魔弾の射手フライシュッツ魔弾の射手Freischütz……自由なfrei、ね……」

 中国語に比べたらずっと言いやすいのに、舌先がもつれそうになった。

 

 

 アジア支部は地下に広がっていたが、黒の教団本部は天に向かって伸びていた。ハイダは初めて訪れた者がするように、吹き抜けの天井をぐるりと見上げた。久しぶりの本部は新鮮だった。
 ホールを行き交う団員たちは初めて見る少女に興味津々だったが、隣にいるお偉いさんに気後していた。

「まずは室長に挨拶をしようか」
「はい、長官」

 室長とは数年ぶりに顔を合わせることになる。仕事上の付き合いしかない相手だった。
 室長室の場所は覚えているが、知らないふりをしなくてはならない。ルベリエの後ろについて数歩進んだところで、館内放送が響き渡った。

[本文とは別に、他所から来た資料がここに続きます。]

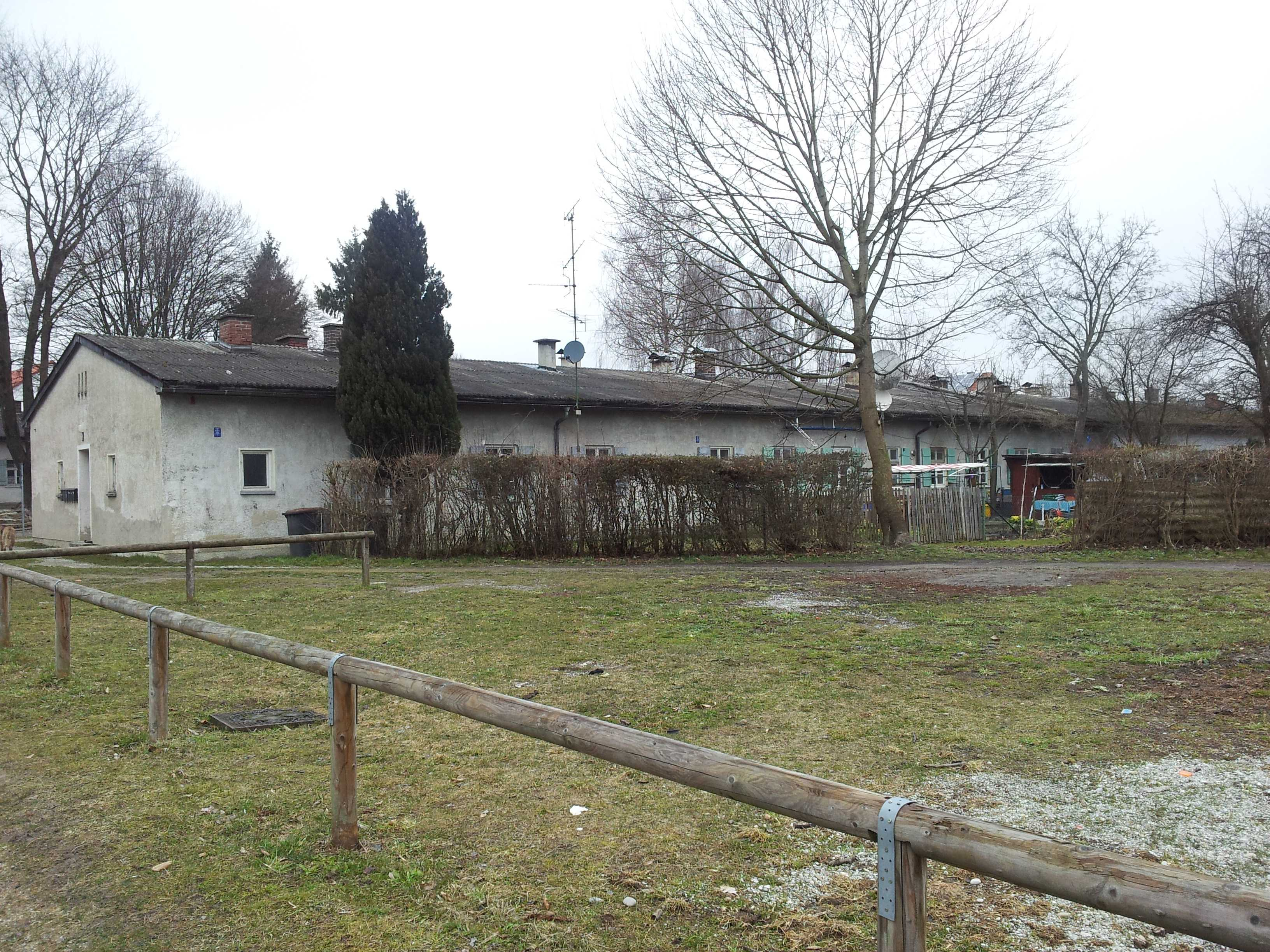 Barack 3 of the guard of Stalag VIIA in Mooseburg in 2013

「リナリー・リーが脱走しました。至急、出入口を封鎖してください。繰り返します――」

 足を止めた2人の脇を鴉たちが走り抜け、先回りして外へと続く扉に結界を張る。ファインダーが無線で連絡を取り合い、非戦闘員は退避した。いくら非常時の訓練は受けているとはいえ、現場を知らない団員までずいぶん慣れた様子だ。

「またリナリーか。手のかかる子だよ」
「誰ですか?」
「君の仲間だ。捕まえなさい。多少怪我をさせても構わない」
「はあ。アクマを撃つのが仕事なんですが」

 気乗りしないまま、とりあえず銃を持った。生まれ変わってから、仲間を撃つ機会ばかり回ってくる。泣き言のひとつでもこぼしたいが、もう聞いてくれる相手はいない。代わりに息を吐いて気持ちを切り替えた。逃げるエクソシストがなりふり構わず攻撃してきたら、身を守るためにも武器は必要だ。

「相手のイノセンスは?」
「両足の靴だ。能力は――」
「五階です! こっちに来ます」

 無線から顔を上げたファインダーが、ルベリエの声をかき消して叫んだ。
 ハイダは吹き抜けの天井に銃口を向けた。
 転落防止のための柵の向こうから、少女の体が飛び出してきた。黒いワンピースの裾が、長い黒髪が、まるで蝶の羽のように広がる。まだ幼く、歳の頃はアルマとユウと同じくらいだろう。

「撃て!」

 ルベリエが叫んだ。
 撃つ? 子供を? 正真正銘の子供を?
 彼女が墜死しないよう、再生能力のある自分がクッションになって受け止めるべきだと思った。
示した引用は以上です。